● PROBLEM
Your output should be exactly the lines from the one containing "Confetti, bollen voor" through the last line of the listing, and nothing else. Pictures stay out.

● AVAILABLE DATA
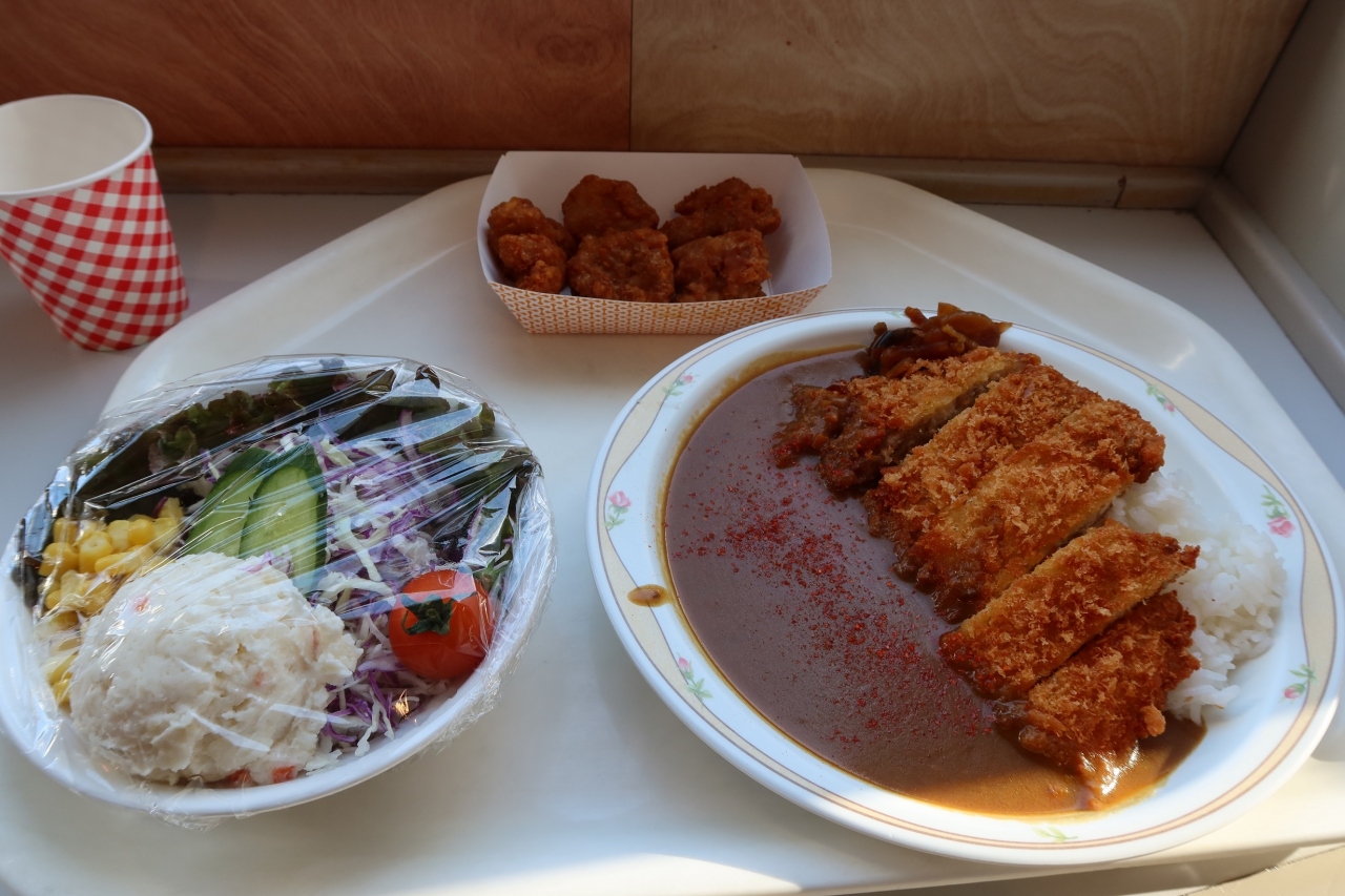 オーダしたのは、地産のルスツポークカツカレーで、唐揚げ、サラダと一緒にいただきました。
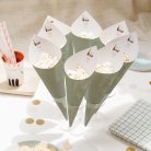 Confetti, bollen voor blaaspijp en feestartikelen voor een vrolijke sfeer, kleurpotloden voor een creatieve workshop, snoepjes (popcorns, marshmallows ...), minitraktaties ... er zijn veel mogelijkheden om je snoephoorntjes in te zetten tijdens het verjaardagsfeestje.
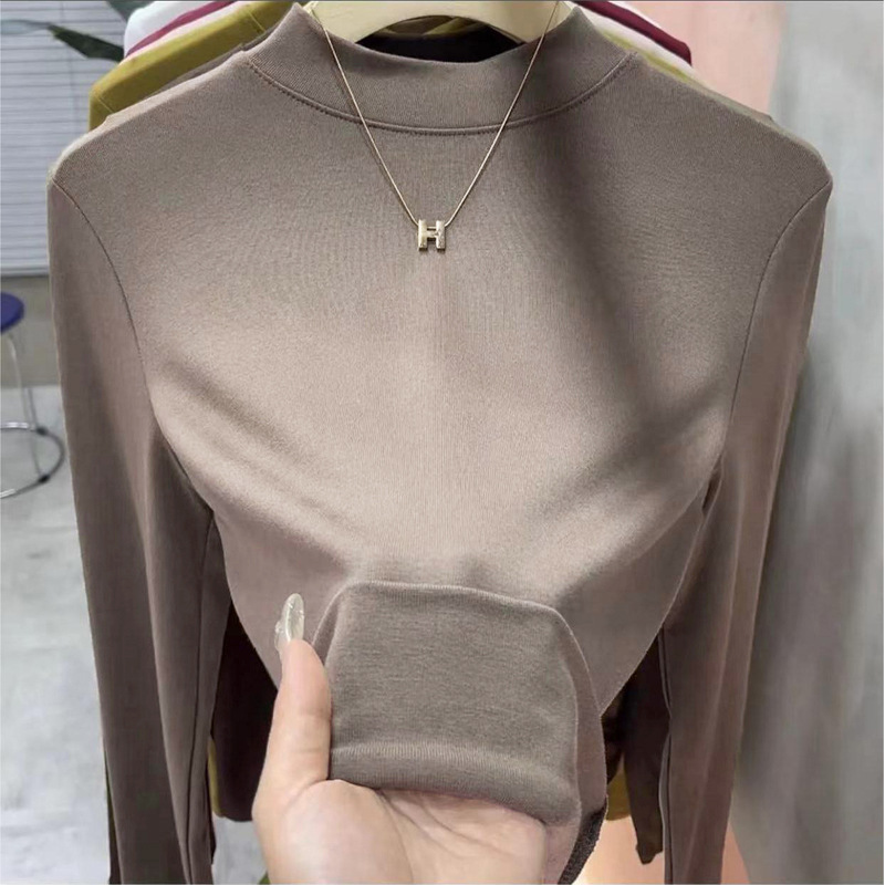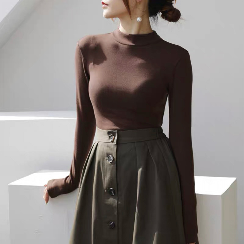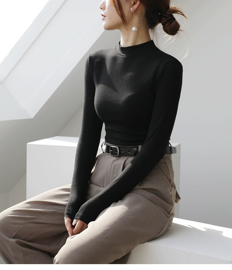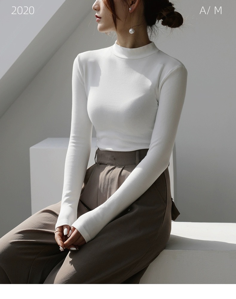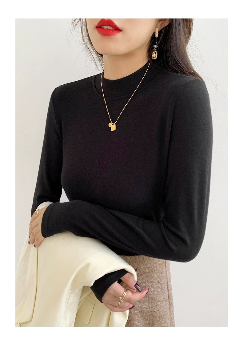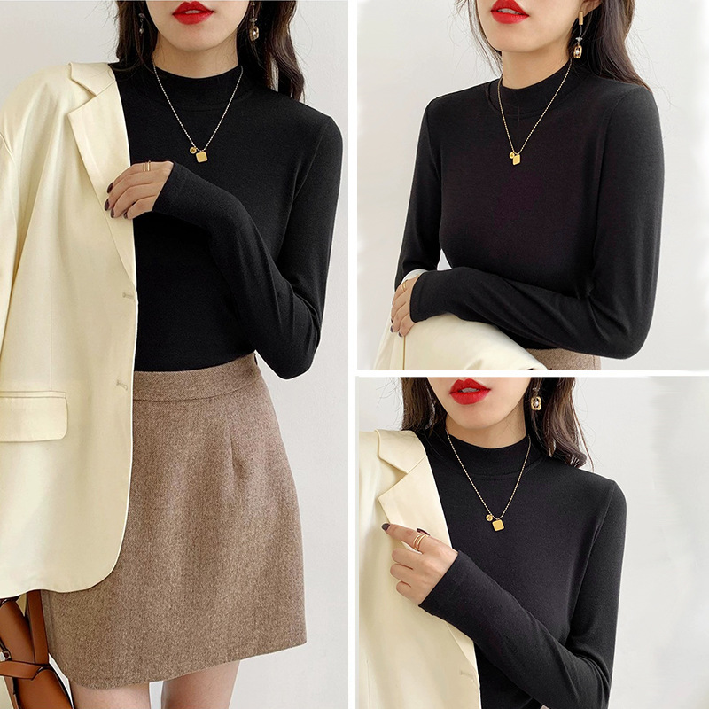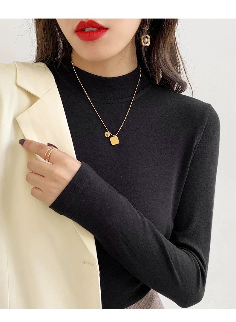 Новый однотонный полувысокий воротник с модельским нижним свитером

● SOLVED EXERCISE
 Confetti, bollen voor blaaspijp en feestartikelen voor een vrolijke sfeer, kleurpotloden voor een creatieve workshop, snoepjes (popcorns, marshmallows ...), minitraktaties ... er zijn veel mogelijkheden om je snoephoorntjes in te zetten tijdens het verjaardagsfeestje.
 Новый однотонный полувысокий воротник с модельским нижним свитером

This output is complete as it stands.